CHAPITRE XLIII

Au débarcadère, devant la longue maison de pierre basse au bord du canal, il y avait des rangées de canards alignés sur le sol.

Ils gisaient par groupes tous inégaux en nombre. Il y avait quelques pelotons, pas de compagnie, et, songea le colonel, moi j'ai à peine une escouade.

Le chef garde-chasse était debout sur la berge, en bottes hautes, veste courte et vieux chapeau de feutre rejeté en arrière, et il regarda d'un œil critique le nombre de canards à l'avant de la barque quand celle-ci aborda.

– C'était gelé à notre poste, dit le colonel.

– C'est bien ce que je craignais, dit le garde-chasse. Je suis désolé. C'était censé être le meilleur affût.

– Qui a le plus beau tableau ?

– Le Barone en a tué quarante-deux. Il y avait un brin de courant qui a fait que l'eau est restée libre un bout de temps. Vous n'avez probablement pas entendu les coups de feu parce que le vent était contraire.

– Où sont-ils tous ?

– Ils sont tous partis, sauf le Barone qui vous attend. Votre chauffeur dort à l'intérieur.

– Le contraire m'eût étonné, dit le colonel.

– Aligne-moi ça proprement, dit le garde au batelier qui était aussi garde-chasse. Que je puisse les marquer dans le livre de chasse.

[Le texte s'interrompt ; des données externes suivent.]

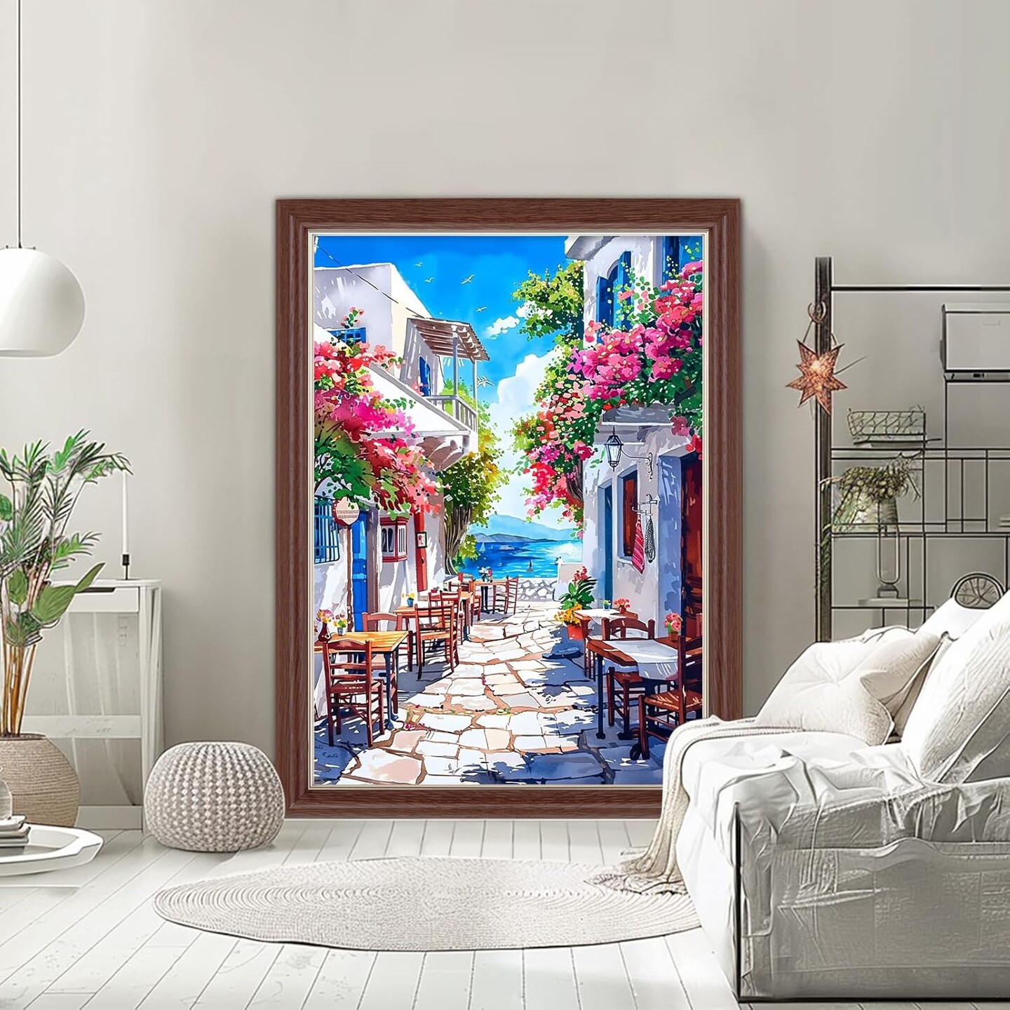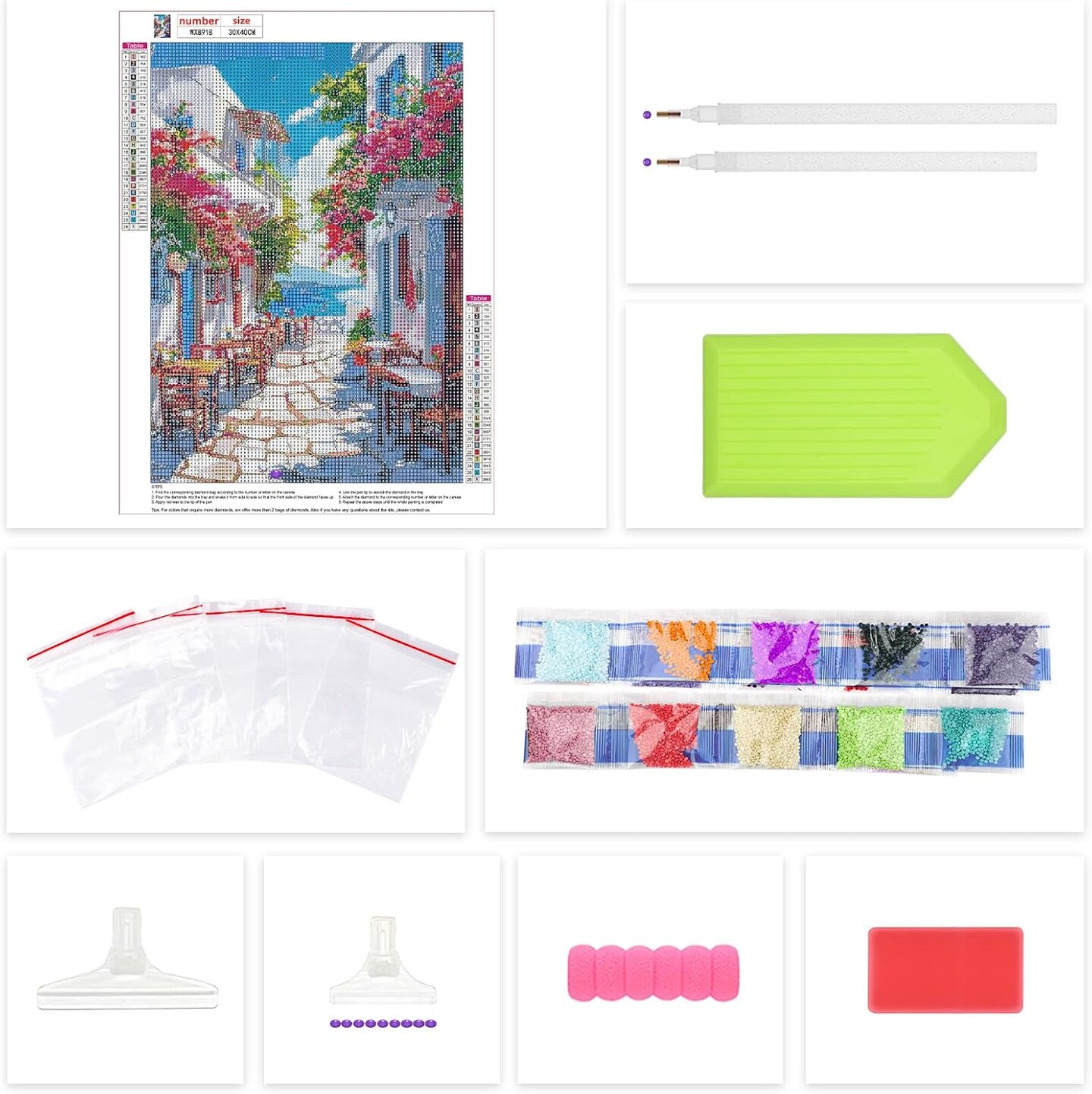Scenery Diamond Art Kits for Adults, Flower Street DIY Full Drill Diamond Painting Kits for Beginners, 5D Gem Art Crafts for Adults, Home Wall Decor 12x16 inch
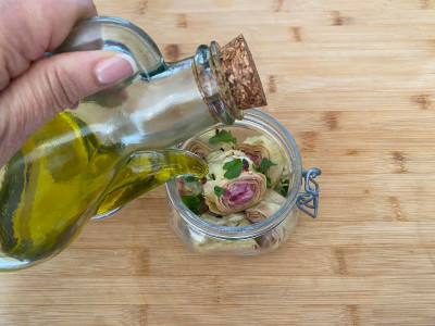 Riempi il barattolo con olio extra vergine d’oliva avendo cura di coprire completamente i carciofi, prima di chiudere i barattoli aspetta almeno un'ora perché l'olio insilandosi tra i petali dei carciofi potrebbe calare di livello, a quel punto rimboccane un po'.
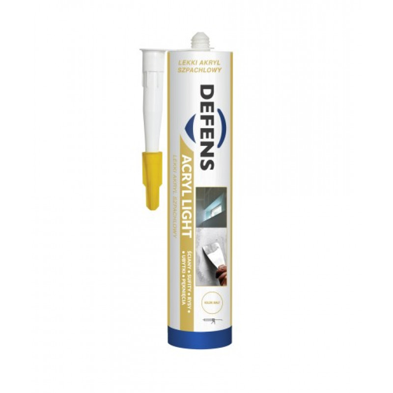 Акрилова шпаклівка Defens Light - білого кольору, не тріскається, стійкість до: води, морозу, цвілі, грибків та ультрафіолетового випромінювання.
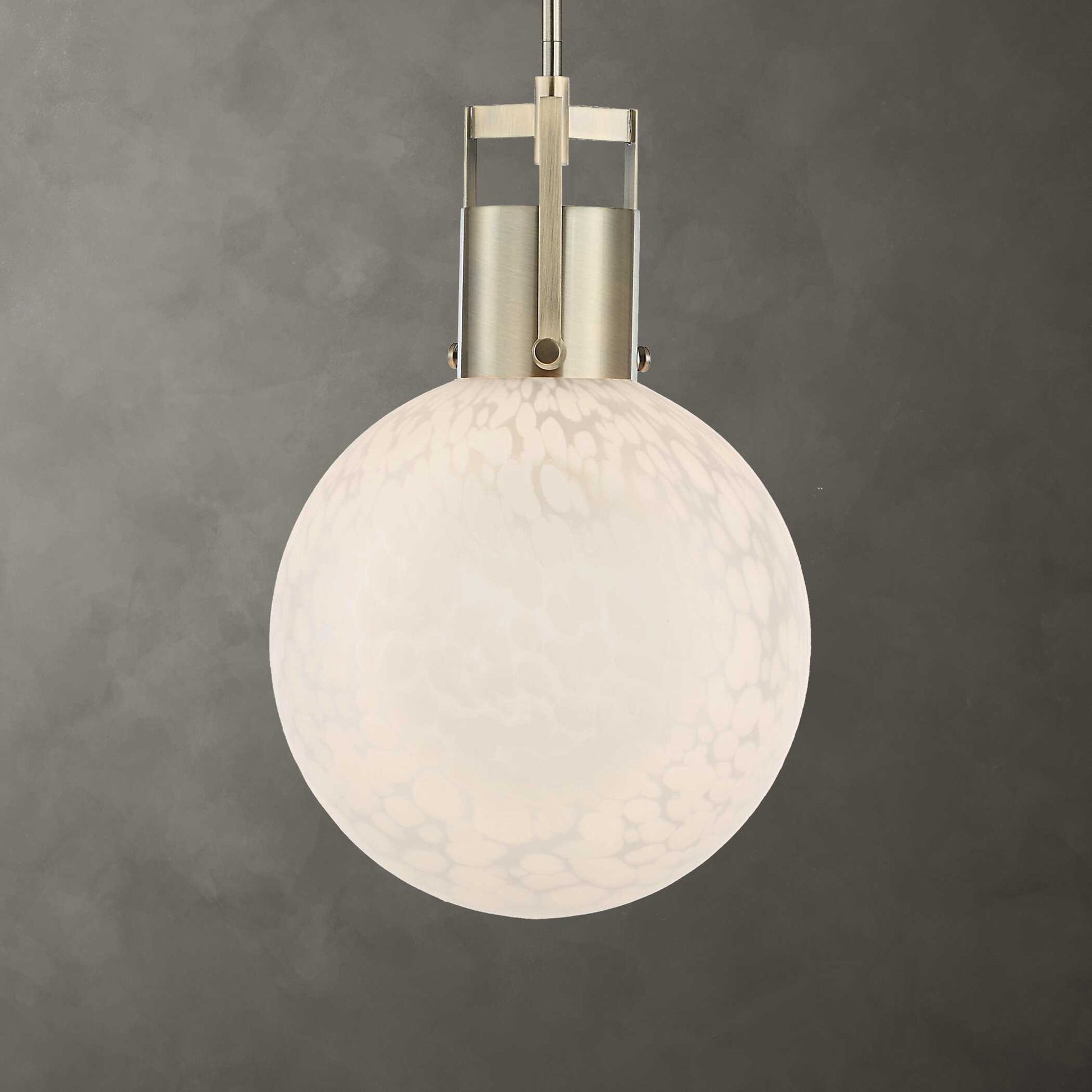 Our Huch Pendant Features An Upper Cap With Architectural Crossbar Accents With An Oversized Etched White Spotted Glass Globe Giving Warmth And Ample Light. 1-60 Watt Max Edison Socket. Bulbs Not Included. Supplied With 15' Wire, 3-12" Stems And 1-6" Stem For Adjustable Installation.

– Il y a un mâle à tête verte dans le sac avec une aile un peu abîmée.

– Bon. Je prendrai grand soin de lui.

– J'entre voir le Barone. À tout à l'heure.

– Réchauffez-vous bien, dit le garde-chasse. Ça mordait dur aujourd'hui, mon colonel.

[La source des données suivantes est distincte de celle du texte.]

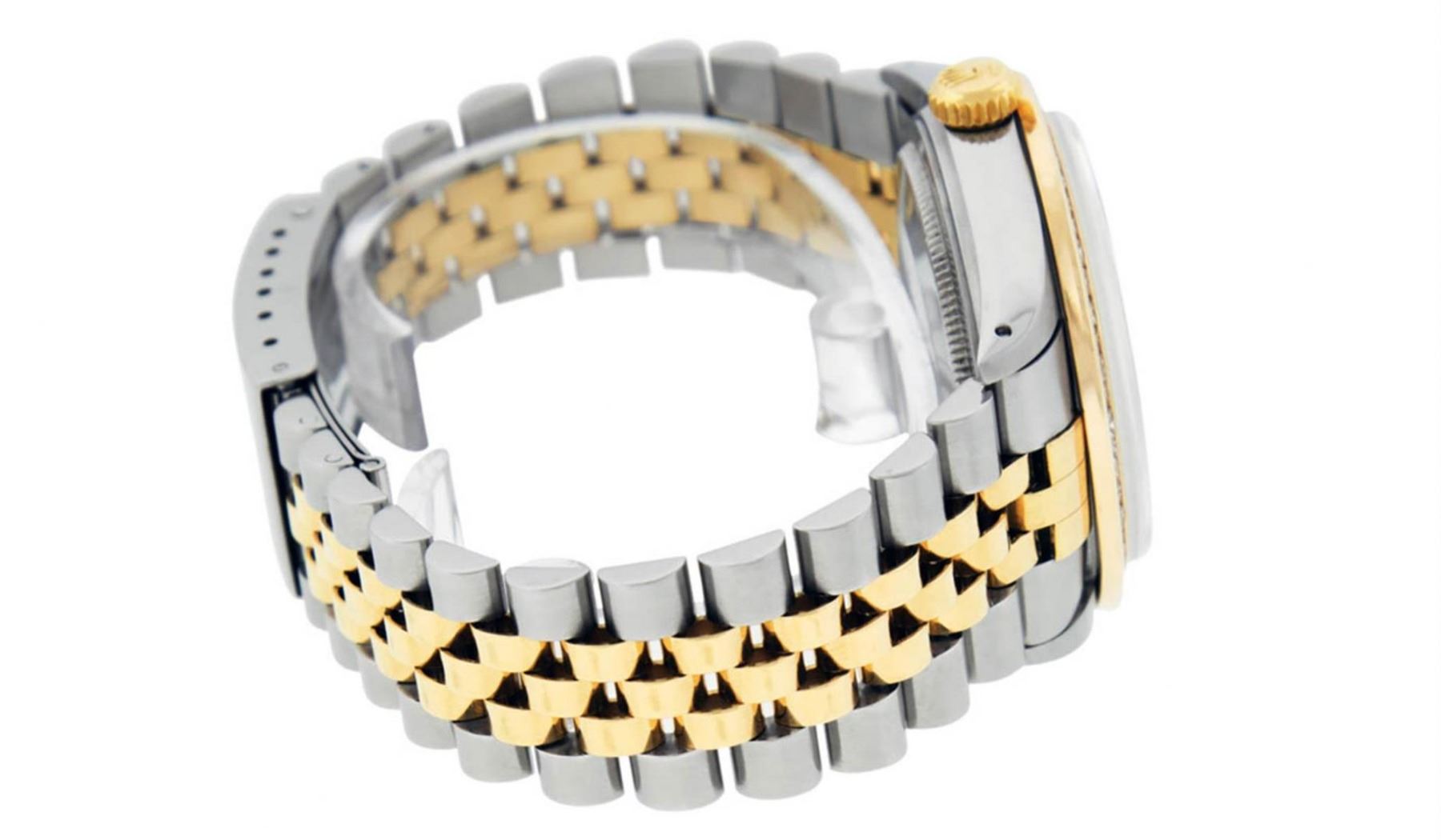 One Mens 14K Yellow Gold Two Tone Rolex Datejust Polished Bright with Satin Finish, Serviced & Electronically Tested, 14K Yellow Gold And Stainless Steel Case: 36mm, Yellow Gold Crown, Custom Bezel: New 14K Yellow Gold Princess Cut Diamond Bezel, Diamond Count: 53 Diamonds, Total Weight 2.75 Carat, Clarity: SI-VS, Color: G to H. Custom Crystal: New Synthetic Sapphire Cyclops Lens. Custom Hands: New Luminecent Hands. Movement: Automatic Winding Movement Caliber 3035. Custom Dial: Green String Diamond Dial, Diamond Count: 58 Diamond in Dial, Dial Color: G To H In Color, Clarity: VS2-SI1. Date Window: 3 O'Clock Position Date Display, Quickset, Model: 16013 Condition: G-6 Extra Fine. Bracelet: 14K Yellow Gold And Stainless Steel Jubilee. Bright Polish & Satin Finish. 7.0 Inch Length, Adjustable. Standard Clasp, With Rolex Logo. This Watch Has Been Serviced and Polished And It Is Free Of All Dents And Scratches And Has Been Time Tested.
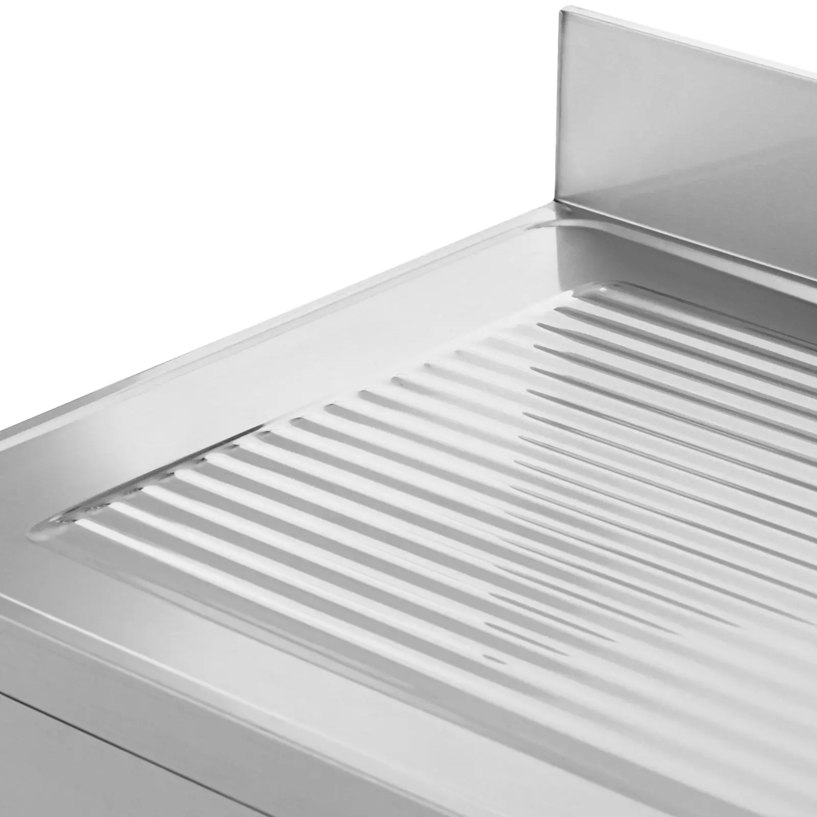 Zlew gastronomiczny marki Royal Catering to idealne rozwiązanie do kuchni komercyjnych, restauracji i podobnych obiektów, a także laboratoriów. Stół wyposażono w wyjątkowo pojemny zlew, który pomieści duże i nieporęczne garnki, patelnie lub ruszty grillowe. Obok umywalki o wymiarach 400 x 400 x 250 mm znajduje się ociekacz do suszenia umytych naczynia. Rant o wysokości 120 mm chroni płytki i ściany z tyłu przed zachlapaniem wodą. Zlew wykonano w całości ze stali nierdzewnej, która jest trwała, odporna na korozję, zachowuje swój połysk przez długi czas oraz łatwo się czyści. Ponadczasowe wzornictwo pasuje do każdej kuchni. Nóżki są regulowane w zakresie 50 mm co pozwala na dobre ustawienie mebla nawet na nierównej powierzchni.

Le colonel se dirigea vers l'entrée de la maison.

– À tout à l'heure, dit-il au batelier.

– Oui, mon colonel, dit le batelier.

 

Alvarito, le Barone, était planté devant l'âtre, au milieu de la pièce. Il sourit timidement comme à l'habitude et dit de sa voix basse :

– Je suis navré que vous n'ayez pas eu meilleure chasse.

– Nous gelions sur pied. Mais j'y ai tout de même pris beaucoup de plaisir.

– Vous avez très froid ?

– Non, pas trop.

– On peut vous donner quelque chose à manger.

– Merci. Je n'ai pas faim. Vous avez mangé ?

– Oui. Les autres sont partis, et je leur ai prêté ma voiture. Pouvez-vous me déposer à Latisana ou juste au-dessus ? De là, j'aurai un moyen de transport.

– Naturellement.

– C'est dommage qu'il ait gelé. Les pronostics étaient si bons.

– Il devait y avoir des quantités de canards dehors.

– Oui. Mais maintenant ils ne vont pas traîner, avec leur pâture prise sous la glace. Ils se mettront en route cette nuit vers le sud.

– Tous, vous croyez ?

– Tous, sauf ceux de la région qui se reproduisent sur place. Ceux-là resteront tant qu'il y aura un peu d'eau libre.

– Dommage pour la chasse.

– Dommage que vous ayez fait tout ce chemin pour quelques malheureux canards.

– J'adore la chasse de toute façon, dit le colonel. Et j'adore Venise.

Le Barone Alvarito détourna la tête et tendit les paumes vers le feu.

– Oui, dit-il, nous aimons tous Venise. Mais c'est peut-être vous qui l'aimez le mieux.

Le colonel ne fit pas de vains commentaires sur ce compliment ; il dit simplement :

– J'adore Venise comme vous le savez.

– Oui. Je sais, dit le Barone. – Il regarda dans le vide. Puis il dit : Il va falloir réveiller votre chauffeur.

– A-t-il mangé ?

– Mangé et dormi, et mangé et dormi. Il a lu aussi vaguement quelques-uns des illustrés qu'il avait apportés.

– Des comics, dit le colonel

– Je devrais apprendre à lire ce genre de chose, dit le Barone. – Il eut son même sourire timide et sombre. – Pourriez-vous m'en rapporter de Trieste ?

– Tant que vous voudrez, lui dit le colonel. De Superman jusqu'aux sommets de l'invraisemblance. Vous les lirez à ma place. Au fait, Alvarito, qu'avait donc ce garde-chasse qui ramait sur ma barque ? Il a eu l'air de me haïr dès le départ. Et jusqu'au bout, aussi.

– C'est à cause de votre vieux blouson de combat. Les uniformes alliés lui font cet effet-là. Voyez-vous, on l'a un peu trop libéré

– Ah ?

– Quand les Marocains sont passés par ici, ils ont violé sa femme et sa fille.

– Je crois que je boirais volontiers quelque chose, dit le colonel.

– Il y a de la grappa, là sur la table.